Analytics and Source Tracking

When your waitlist reaches several hundred signups, knowing where they came from becomes strategically important. A single viral tweet can drive more signups than three months of blog posts. Knowing that changes where you spend time.

The source field in the schema handles UTM-based attribution. Capture it from URL parameters on landing:

// Capture source from URL params
const source =
  new URLSearchParams(window.location.search).get('utm_source') ??
  new URLSearchParams(window.location.search).get('source') ??
  document.referrer ? new URL(document.referrer).hostname : 'direct';

With source tracking in place, your admin dashboard can show a simple breakdown: signups from Twitter, Product Hunt, Hacker News, direct traffic, and referral links. After 500 signups, look at conversion-to-paid rates by source — not just total signup counts.

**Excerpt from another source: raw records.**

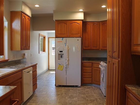 Beautiful Craftsman/Georgian style home on oversized double lot located in Hermiston, Oregon. The home is newly remodeled throughout. A spacious enclosed front porch leads to an oak entry way that opens to a formal living and dining area with oak floors and craftsman style windows and door trims. The kitchen has colonial oak cabinets with all new counter tops, vinyl floors, refrigerator, stove/oven, double bowl cast iron sink, garbage disposal, and pullout spray faucet. Back door entry way has a tile floor and off the hallway is a full bathroom with all new fixtures and a cast iron bath tub and newly tiled tub/shower area. Leading up the second floor is a freshly painted and newly carpeted staircase where you will find three spacious bedrooms all with walk-in closets. You will also find a second full bath with all new fixtures and a new steel/enamel bath tub with newly tiled tub/shower area. The home includes a basement area where you will find a large shelved storage room including existing chest freezer. There is an adjacent laundry room which includes existing washer and dryer. Also located in the basement is a large separate mechanical room which houses a water heater installed five years ago, furnace inspected and cleaned recently. There is a new air conditioner outside the home installed in August of 2020. New 1-inch water line installed from city meter to water shutoff valve of the home. New plumbing pipes and electrical wiring and receptacles throughout the home. Property includes 10x16 detached well house with a shallow well used for irrigation and 18x26 detached garage. Fully enclosed backyard area, 10x12 covered wood deck and wrap around driveway.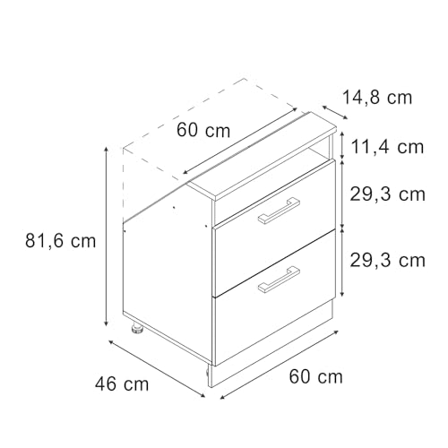 - Mobile base con cassetti 60 cm senza maniglie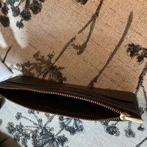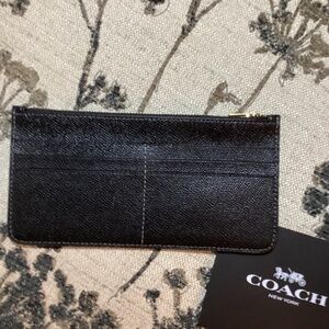 All black crossbody or long shoulder COACH purse with interior separate wallet and/or card carrier, and beautiful gold accent. Total Strap length is 40” long so hang length is 20” but is adjustable to alter 7” up or down. Purse is 8.5” wide, 5” high and 1 1/4” deep. Cute and practical purse has two separate compartments on inside and open slot in back for quick access to close to body items. Phone and lipstick fits with plenty of room to spare. Original coach purchase bag included as well as cloth storage sack. Bought new in July, paid 225.00, lightly used twice, lots of life left in it due to COACH awesome quality.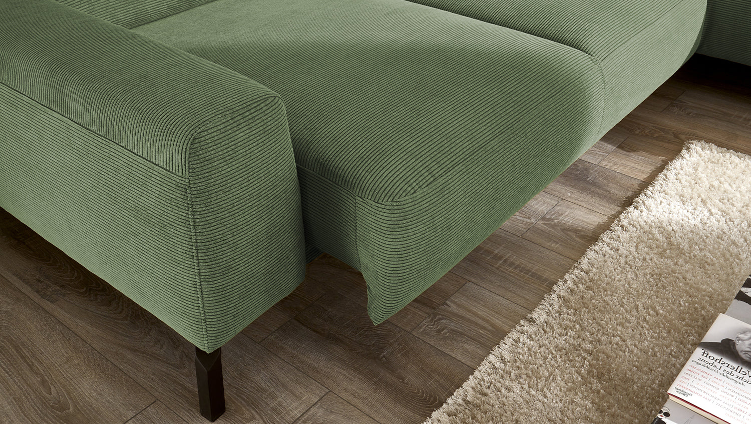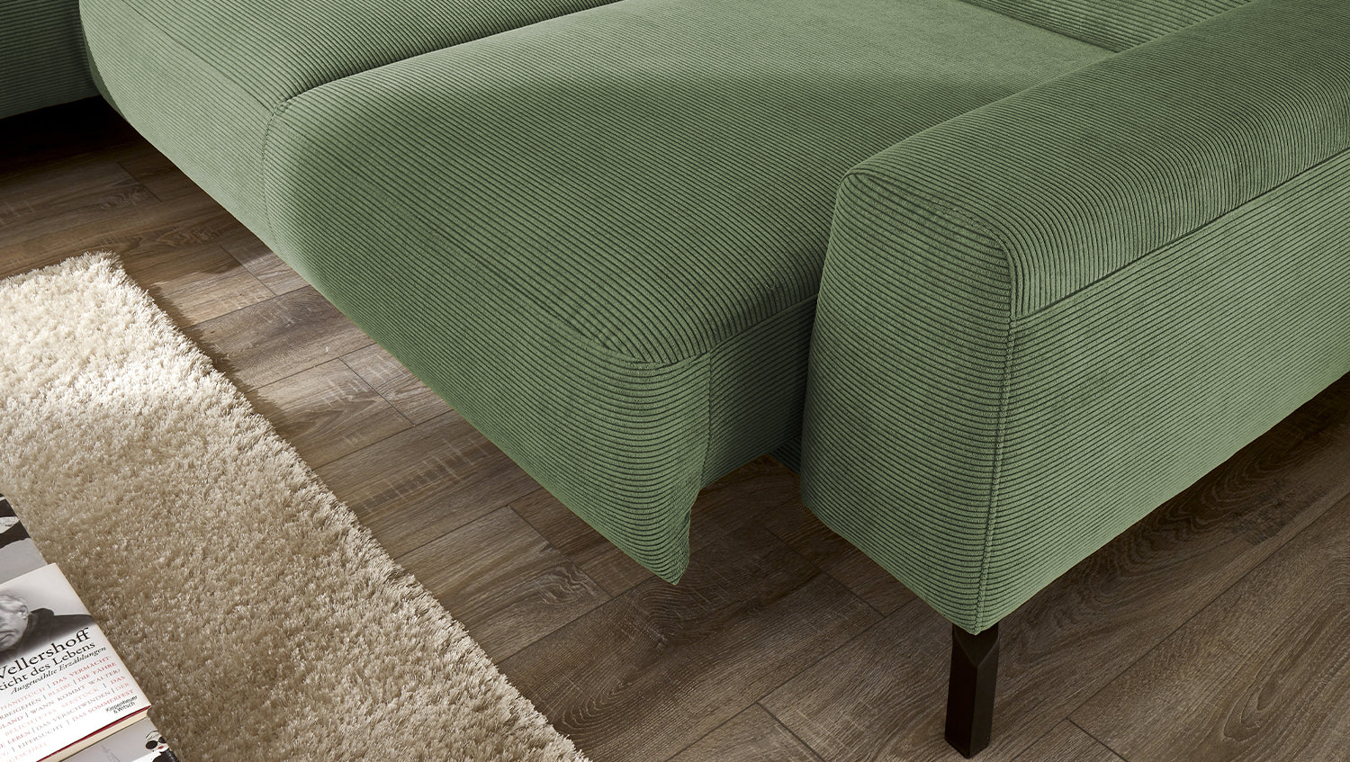 KAWOLA Sofa DELIA Ecksofa Feincord olivgrün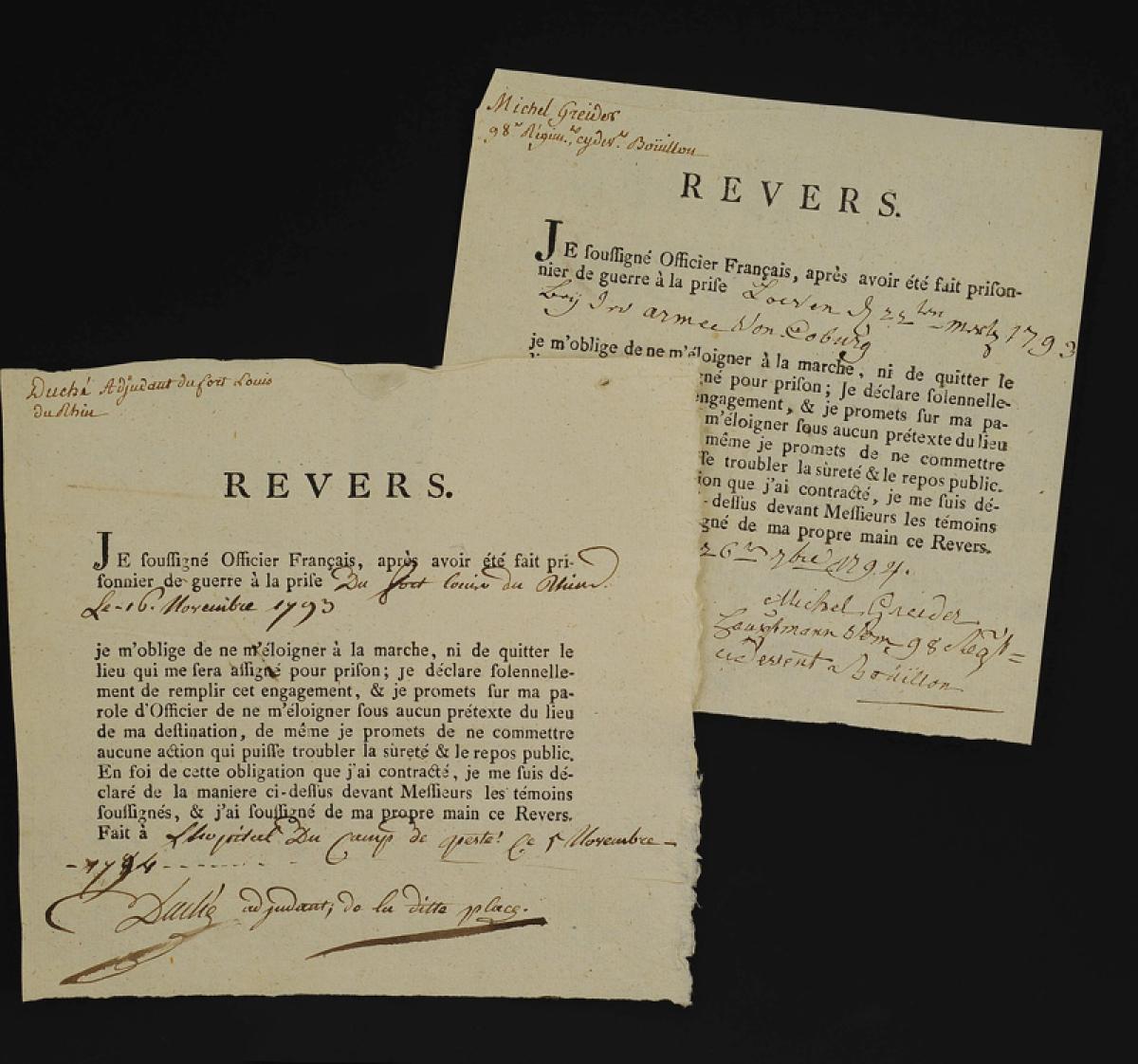 Prisoners of War 1794. TWO DOCUMENTS ENTITLED "REVERSES," one signed by Michel GREIDER, 98th Bouillon Regiment on September 26, 1794, and the second signed by DUCHÉ, adjutant at Fort Louis du Rhin on November 5, 1794. 18910-26
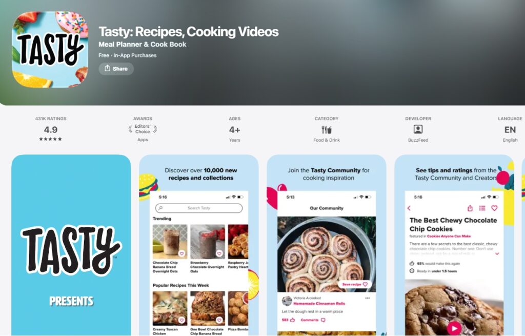 Apple App Link: https://apps.apple.com/us/app/tasty-recipes-cooking-videos/id1217456898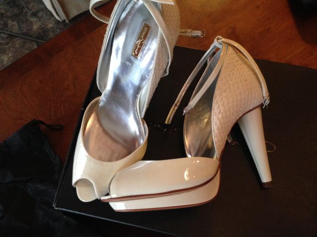 Nauji, natūralios odos (balta, lakuota, gyvatės raštas) bateliai. Dydis 39 (EU)/ 8,5(USA)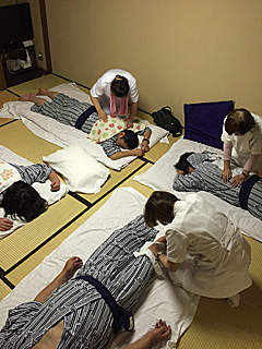 日左連青年部幹事の大類さんが幹事会に出ている間、 我々は風呂上がりのマッサージを受ける・・・ 40分(4,000円)でした。 |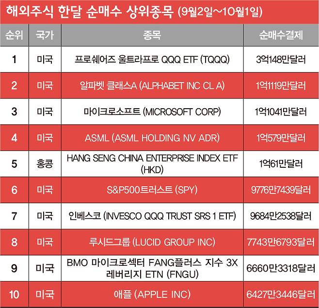 한국예탁결제원에 따르면 지난 9월 해외주식 투자자가 가장 많이 사들인 종목은 ‘프로셰어즈 울트라프로 QQQ ETF(TQQQ)’로 순매수액은 3억148만달러로 집계됐다. 해당 ETF는 나스닥100지수 등락에 따라 세 배의 수익 또는 손실이 나는 구조다.
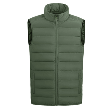 Men’s Full-Zip Lightweight Puffer Vest Jacket – Green – Large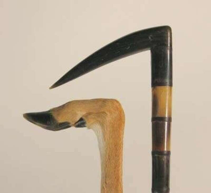 The sectional tapered shaft with a pointed angular "L" handle and brass ferrule, overall length 35 inches; together with an Austrian hoof handled walking cane, the tapered shaft with a bone ferrule, overall length 34 3/4 inches.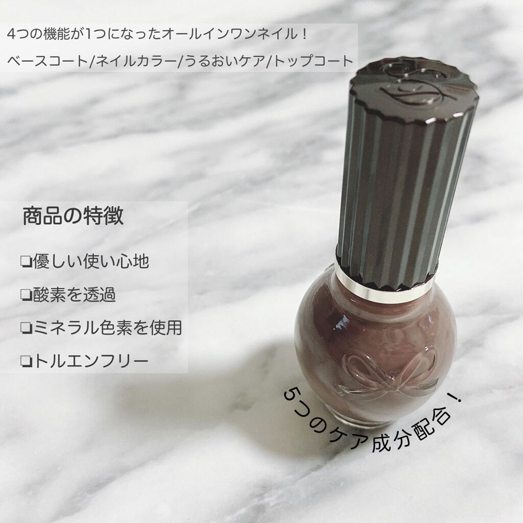 - ※パッケージ順次リニューアル。尚、リニューアルにかかる返品交換等は承っておりません。 これ1本で上品ナチュラルなツメ美人に! ひと塗りで、気になる縦ジワ・凹凸もつるんと補整し、ジェルのようなぷるツヤ仕上げ。 カンタンに、お手入れ感のある爪先がかないます。 シーンを選ばず使いやすいベーシックなカラーライナップ。 ・4つの機能が1つになったオールインワンネイル ベースコート・・・凹凸縦ジワ補整 ネイルカラー・・・ミネラル色素使用 ほんのり血色感UP うるおいケア・・・爪にもうるおい トップコート・・・上品なぷるツヤ仕上げ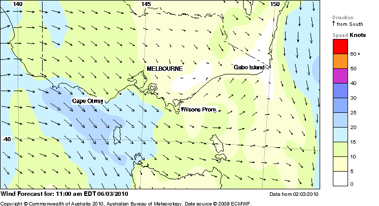 nigel Posted March 3, 2010 Report Posted March 3, 2010 Saturday's wind forecast at 11am. Joel's pirate off-shore forecast says 8 knots WSW at 11am. Quote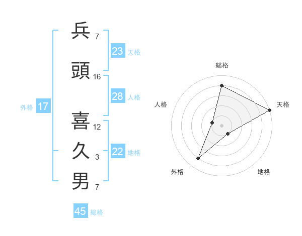 兵頭 喜久男さんを姓名の画数から五運を鑑定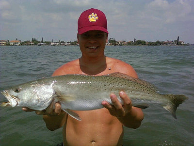 This has been the best year in recent history for large trout in Sarasota Bay. My buddy ,Steve Karwatt from Sarsota caught one that measured 34". Anglers fishing the deeper grass flats in 4-6 ' of water or 1-3 ' at daybreak should have no problem catching a really nice trout of quality size. Please take extra care and release all trout over 20" . They are all full of eggs and getting ready to spawn. You are easily able to catch a few in 15-17' range for the dinner table if so choose. Personally, the Trout don't actually taste that great once the water warms , so I release them all. A chrome torpedo top water plug in the shallows early and is tough to bet. When the sun comes the old reliable, CAL jig with the Copper Crush and the new Avocado colors are killers for big Trout.
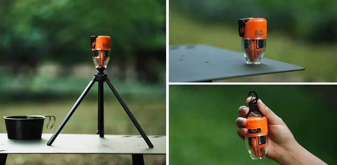 The light is part of the design, not an afterthought. Output is rated at 100 lumens, 200 lumens, and 300 lumens depending on the mode you choose. Color temperature is listed at 4500K which is a bit on the blue side but not harsh in a tent. The translucent shade spreads light better than a bare LED, so it feels more like area lighting than a beam. I see it as a tent ceiling light, a picnic table glow, or a backup light you keep in the top of your pack. If you already carry a headlamp, this may replace the separate lantern depending on your requirements.

A community that drives 50 signups with 40% conversion beats a viral tweet that drove 500 signups with 2% conversion.

The referral source field also lets you reward top-performing channels: a community where 200 members signed up from a single thread deserves a thank-you post or an early access code for that community's audience.


For a full blog and SEO setup to go alongside your waitlist landing page, how to add a blog for SEO to your SaaS boilerplate covers the complete content marketing stack. For converting waitlist signups to paying customers with a Stripe checkout, best boilerplates for micro-SaaS covers the full one-click payment flow. For analytics to track where your waitlist signups originate, SEO in SaaS boilerplates covers UTM tracking and source attribution.


Methodology

Implementation patterns based on standard Next.js API routes and Resend email documentation. Referral mechanics based on Viral Loops and similar services' public playbooks. Conversion benchmarks sourced from Indie Hackers community discussion on waitlist-to-paid conversion rates.